Plasma technology was used to modify a polyethylene membrane for enhanced adhesion, wettability and printability. These are usually performed by modifying the membrane on only its outermost several molecular levels. This allows the surface to behave differently without modifying the properties of the remainder. The surface was modified with acrylonitrile via a plasma coating technique. The resulting acrylonitrile-coated membrane was named PiAn-PE. The surface characterization demonstrated that PiAN-PE's enhanced adhesion resulted from the increased polar component of surface energy.[33]

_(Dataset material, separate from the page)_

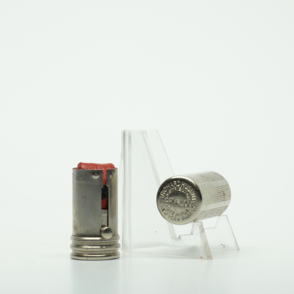 A small, silver plated lipstick tube. Once the lid is removed, the lipstick can be accessed by sliding up an outer button. The top of the lid is engraved with text reading, "Richard Hudnut / Marvelous / Made in U.S.A. / New York - Paris."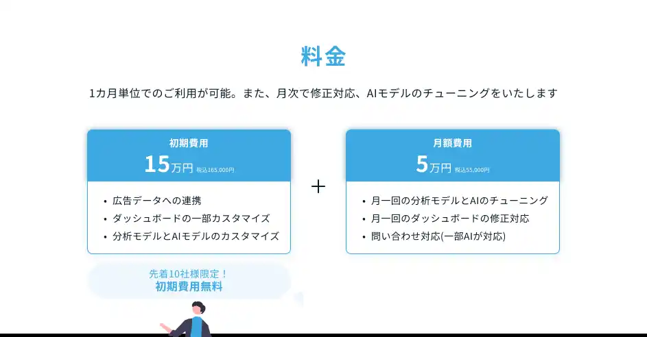 | AIマーケダッシュボードの導入をご決定いただいた会社様のうち先着で10社様に対し、 | |||

The sealed rechargeable nickel-metal hydride battery offers significant performance and environmental friendliness above alkaline rechargeable batteries. Ni/MH, like the lithium-ion battery, provides high energy and power density with long cycle lives. This technology's greatest problem is its inherent high corrosion rate in aqueous solutions. The most commonly used separators are porous insulator films of polyolefin, nylon or cellophane. Acrylic compounds can be radiation-grafted onto these separators to make their properties more wettable and permeable. Zhijiang Cai and co-workers developed a solid polymer membrane gel separator. This was a polymerization product of one or more monomers selected from the group of water-soluble ethylenically unsaturated amides and acid. The polymer-based gel also includes a water swellable polymer, which acts as a reinforcing element. Ionic species are added to the solution and remain embedded in the gel after polymerization.

Ni/MH batteries of bipolar design (bipolar batteries) are being developed because they offer some advantages for applications as storage systems for electric vehicles. This solid polymer membrane gel separator could be useful for such applications in bipolar design. In other words, this design can help to avoid short-circuits occurring in liquid-electrolyte systems.[34]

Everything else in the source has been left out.